Thursday, October 30, 2014

The Dark Defiles



 Richard K. Morgan's Takeshi Kovacs Series (Altered Carbon, Broken Angels, and Woken Furies) introduced me to his style; the Land Fit for Heroes series (The Steel Remains, The Cold Commands, and this book) represent his style growing in clarity and complexity. The Kovacs novels are linked stand-alones, like the noir fiction they emulate... you can read them in any order and not lose too much for it, whereas the "Land Fit for Heroes" series is a single story spread across three volumes. Morgan has a style I ascribe to modern cyberpunk, where things are simply mentioned, but not explained for some time, leaving you to build an image in your head of how the world works, and only gradually get those images filled in with how the author envisioned it. I find it leads to a very organic feel to the knowledge you gain, but it can also lead to some sharp disconnects.

The Dark Defiles is the final book in the series; Ringil Eskiath, disgraced scion of a noble house of the northern League, is working with his friends, the immortal half-Kiriath Archidi and the barbarian horseman Egar Dragonslayer, to attempt to stop the dwenda, ancient masters of his world, cast out several thousand years ago by Archidi's father and the rest of her people. To this end, they've enlisted the help of the southern Empire, but find themselves immersed in the politics of the day... a war between League and Empire, the return of the dwenda, and the machinations of demons bound by the Kiriath. Ringil's growing mastery of sorcery helps to drive the plot, setting him up as something of a demigod in a world somewhat similar in feel to Abercrombie's Circle of the World, seen in Red Country... a world where there is magic and abandoned super-science, but where both are rare and poorly understood.

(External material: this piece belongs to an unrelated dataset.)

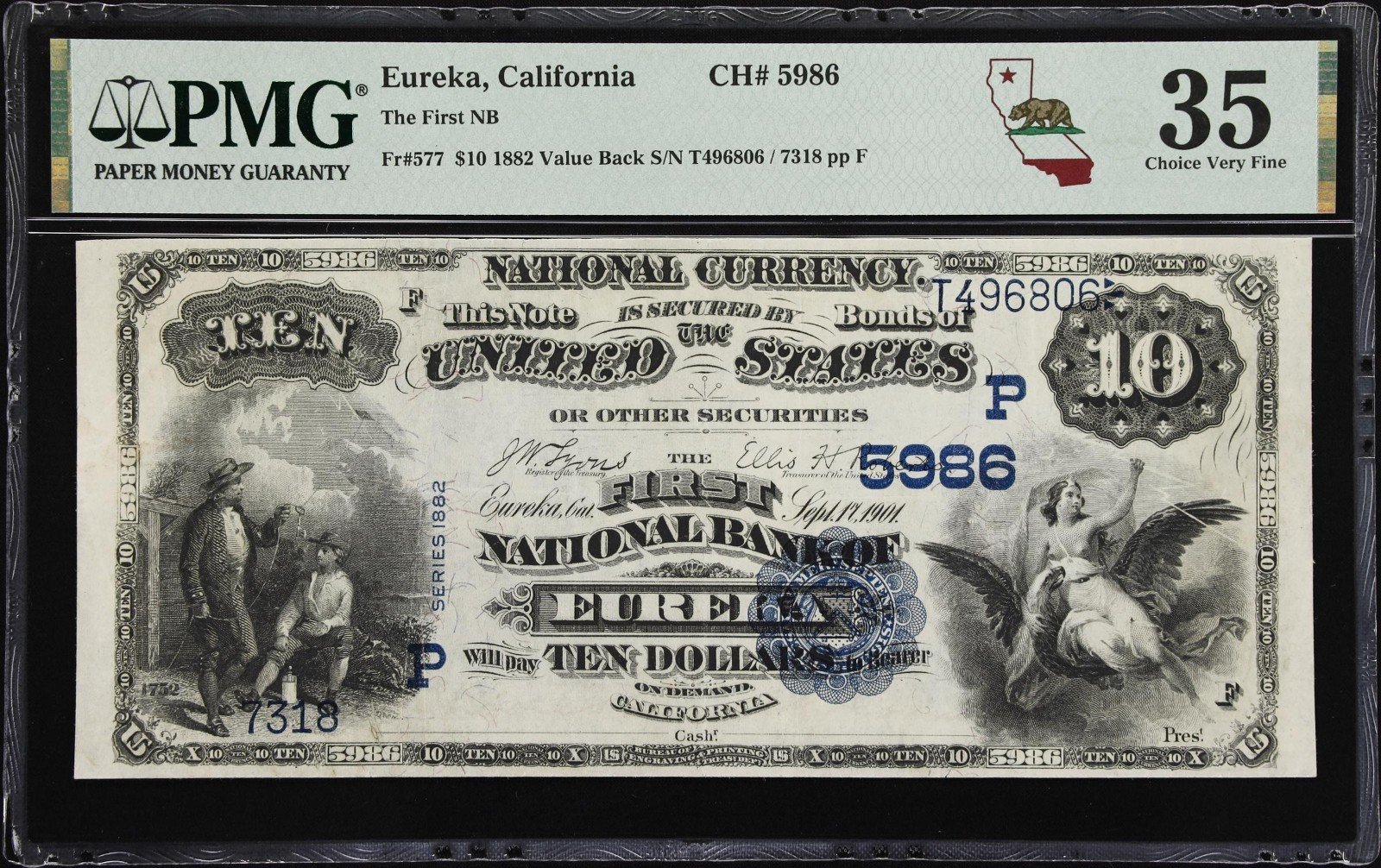 The 1882 $10 National Bank Note (Fr. 577) from the First National Bank of Eureka, California, Charter #5986, graded PMG Choice Very Fine 35, is a scarce and attractive example of classic U.S. National Currency. Its small-town California origin, premium mid-grade certification, and strong historical appeal make it an excellent acquisition for collectors of National Bank Notes, California currency, and large-size U.S. paper money.

I noted above that the series represents a growth in Morgan's clarity; with earlier books, I felt most comfortable with them on a second read... where I knew what was going to happen, and could sink myself into the details that Morgan packs the book with. This held true even with The Steel Remains, though I made it through Cold Commands without too much trouble. I didn't feel that with Dark Defiles; I devoured the book, with it's alternating chapters of Gil on the one hand and Egar and Archidi on the other, moving through the world and towards an end that felt like a frustrating cliffhanger... while the dwenda plot is resolved, some secondary machinations are set in motion and enough is revealed in an epilogue to make you say "I want to see that story, too, dammit."